◆ **What this task involves**: Leave the pictures out. Transcribe exactly every line from the start of the records through the one containing "童年杨渡(右)和母亲、弟弟合影".

Start of Block

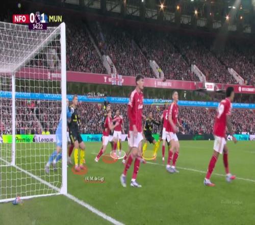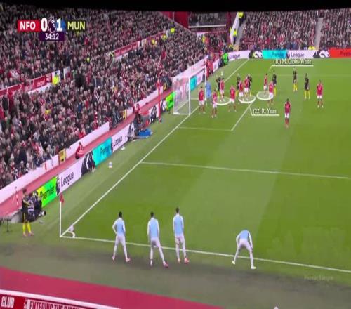 另一個例子來自本月2-2戰(zhàn)平諾丁漢森林的客場比賽。對手采用純粹的區(qū)域防守,內科-威廉斯、耶茨和吉布斯-懷特負責防守后點區(qū)域。
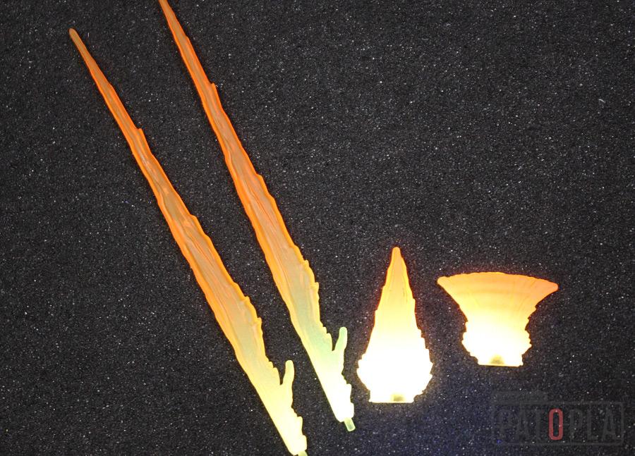 レンズ表現部やビームエフェクト等はUVライトの照射で発光します。
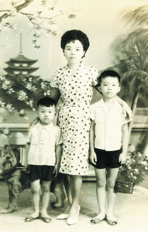 童年杨渡(右)和母亲、弟弟合影
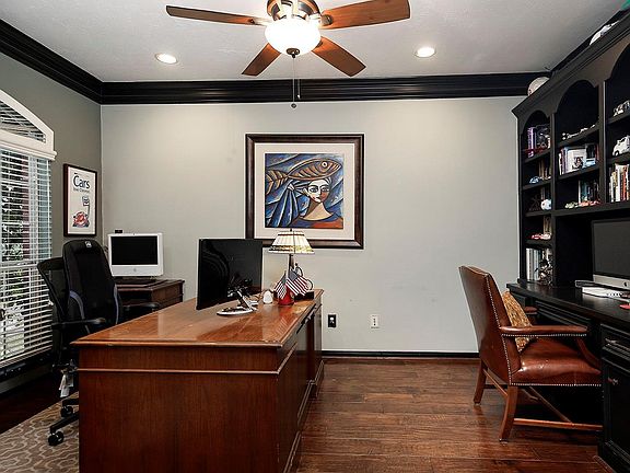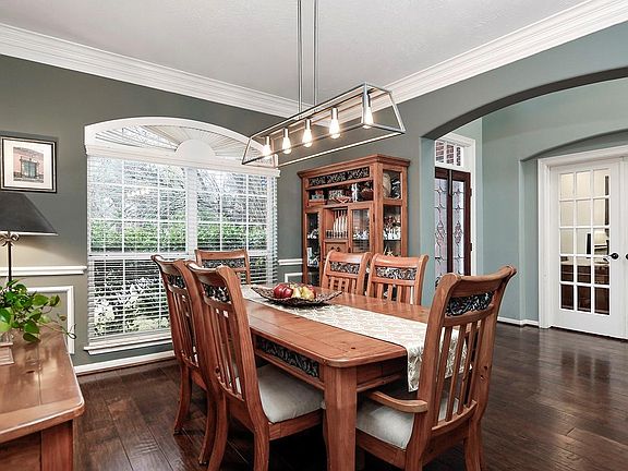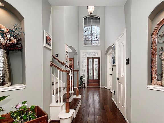 Lovely 5 bedroom home on a cul-de-sac street in Alden Bridge! Zoned to excellent schools, and close to area parks and playgrounds, tennis courts, shops and restaurants, as well as miles of walking/bike trails. A 4 year old roof, 2 car garage with epoxy flooring and new built-in cabinetry, hand scraped hardwood floors and a nice, open concept are just a few highlights of this home. The study with French doors is the ideal work from home space, and the formal dining with stunning mill work can accommodate many guests. Huge laundry room with abundant cabinet storage. The spacious kitchen with granite island, breakfast bar, distressed cabinets, gas cooktop and double ovens opens to the sunny breakfast nook and family room with gas fireplace. Primary bedroom suite downstairs offers a walk-in closet with new built-ins; 4 bedrooms and a game room upstairs with large double paned windows; fantastic backyard has a heated pool and spa with guard fence for kids and low maintenance decking.
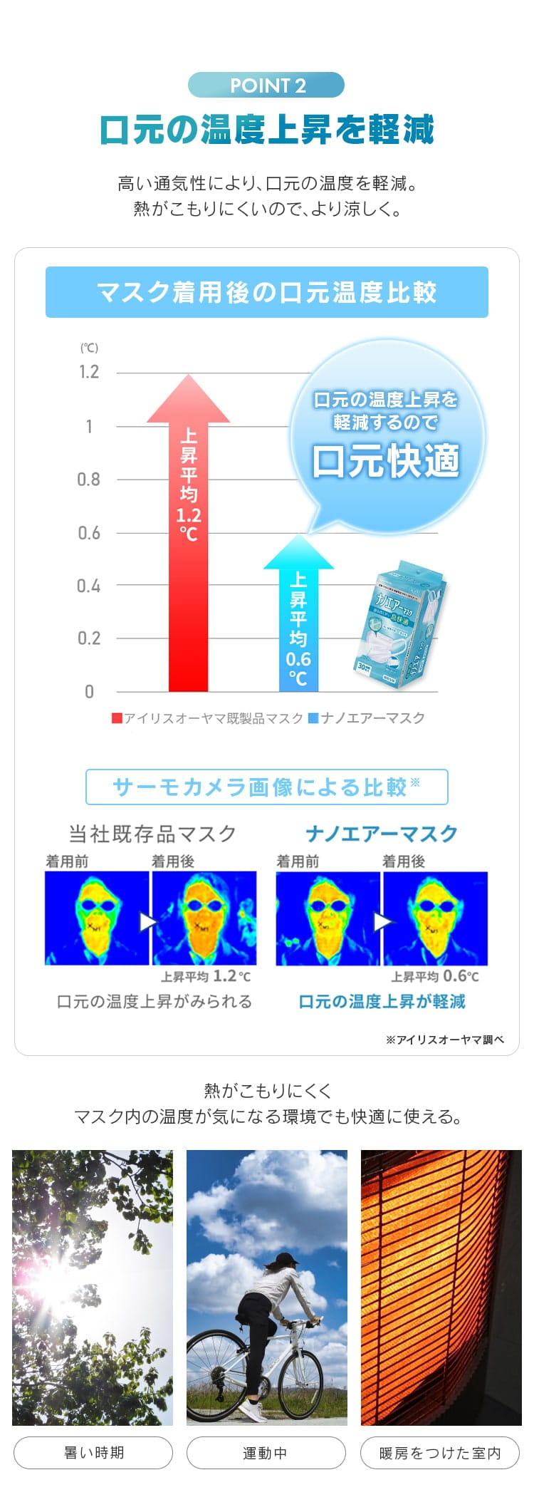 特殊ナノファイバー加工の中間層が着用時の口元温度上昇を緩和し、
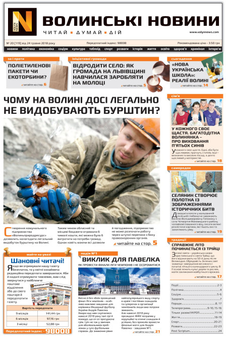 ВОЛИНСЬКІ НОВИНИ №20 (119) ВІД 24.05.2018

End of Block

◆ **Answer section**:
 另一個例子來自本月2-2戰(zhàn)平諾丁漢森林的客場比賽。對手采用純粹的區(qū)域防守,內科-威廉斯、耶茨和吉布斯-懷特負責防守后點區(qū)域。
 レンズ表現部やビームエフェクト等はUVライトの照射で発光します。
 童年杨渡(右)和母亲、弟弟合影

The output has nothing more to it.